Вот, Михаил Сергеевич, где проверяются люди: Бакатин, которого вы отпихнули, боясь всяких Лукьяновых, Янаевых и пр.!
Мое общение с Михаилом Сергеевичем в эти дни. 19-го утром, как только по «Маяку» услышал о ГКЧП, стал думать, как вести себя с М. С. Ждать, когда позовет, то есть — по прежней субординации? Нет, так нельзя: он должен убедиться в моей верности. И он нуждается в поддержке. Пошел к нему. Долго бродил по дому, пока внучка меня не обнаружила, привела к деду наверх. Он лежал на постели после процедуры: ему еще «донатира-ли» радикулит.
«Ты знаешь, Анатолий, — начал с ходу, — когда я разговаривал с этими, ни один мускул у меня не дрогнул. Был совершенно спокоен. И сейчас спокоен. Я убежден в своей правоте. Убежден, что это — авантюра, и не дай Бог — с кровью. — Помолчал. Не удастся им ни навести порядок, ни собрать урожай, ни запустить экономику… Не удастся! Преступная авантюра!.. Думай, что будем делать. Приходи после обеда».
Я пришел, как договорились. Пошли со всей семьей на пляж, потому что в доме говорить было уже невозможно: кругом «жучки», о чем панически предупреждала нас все время Раиса Максимовна.

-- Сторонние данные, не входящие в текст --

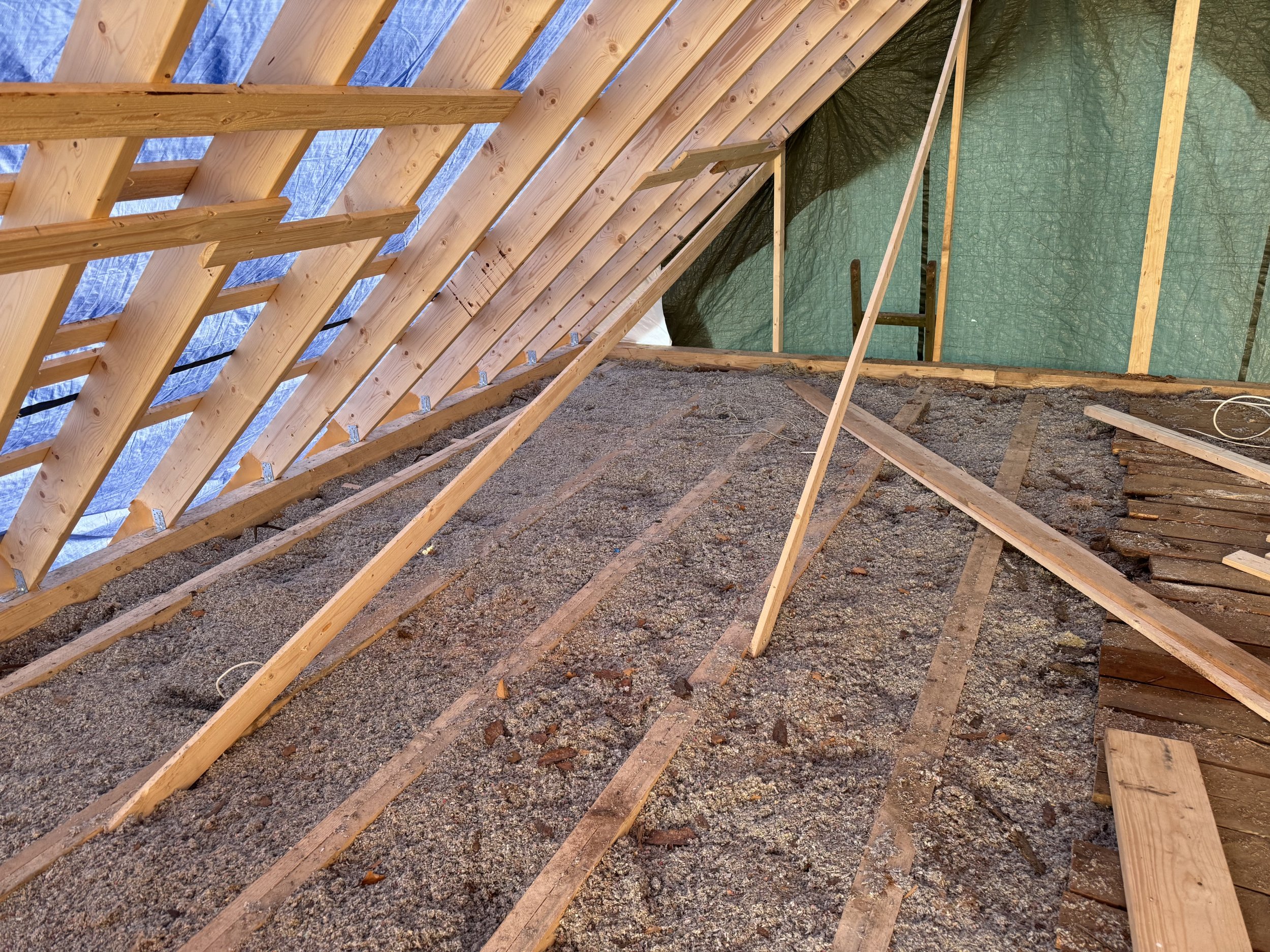 3. Ühes nurgas 2,4x6,3m ei ole laage ja tuleks paigaldada 50x150 2,4m pikast materjalist laagid välisseina ja kandva siseseina vahele. Välissein on ümarpalk mille kohal väikse vahega 150x150 prussist vöö (laagid algavad vööst 2cm altpoolt). Vahesein on 150 lai pruss kuid seal on teise poole talad ka ees ja ei ole loodis, ehk tuleb mõlemat otsa rihtida paika ning siduda korralikult mõlemi seinaga.

Запомнилось: когда спускались к пляжу, ко мне прильнула меньшая внучка, взяла за руку: «А у меня — карты (держит в ручонках колоду). Это вот король, а это дама… нет — валет, а это — ох! забыла (это была десятка)».
Я ей: «Ну ладно, а какой она масти?» (Не рассчитывал, что она знает это слово.)

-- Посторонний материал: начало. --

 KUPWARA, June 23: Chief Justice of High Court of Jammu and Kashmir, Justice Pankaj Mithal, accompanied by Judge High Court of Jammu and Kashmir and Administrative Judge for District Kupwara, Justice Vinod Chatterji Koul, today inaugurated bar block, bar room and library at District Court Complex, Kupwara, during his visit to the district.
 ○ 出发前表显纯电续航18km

«Она — червивая!» Эта детская ошибка резанула, напомнила ситуацию, в которую попала и эта малышка.
Р. М. завела нас с М. С. в маленький павильон, а всех остальных отправила к воде. Лихорадочно вырвала из блокнота несколько чистых листков, подала мне, долго копалась в сумочке и, найдя карандаш, подала мне: «Я оставляю вас». — «Да, да, — нетерпеливо (необычно для него в обращении с ней!) бросил М. С., — надо работать». Она жалко улыбнулась и «сделала мне ручкой».
— Толя! Надо что-то делать. Я буду давить на этого негодяя (он имел в виду генерала Генералова). Буду каждый день предъявлять требования. И наращивать.
Да, М. С., согласен. Сомневаюсь, чтобы банда в Москве на это отреагировала. Но нельзя, чтоб подумали, что вы смирились…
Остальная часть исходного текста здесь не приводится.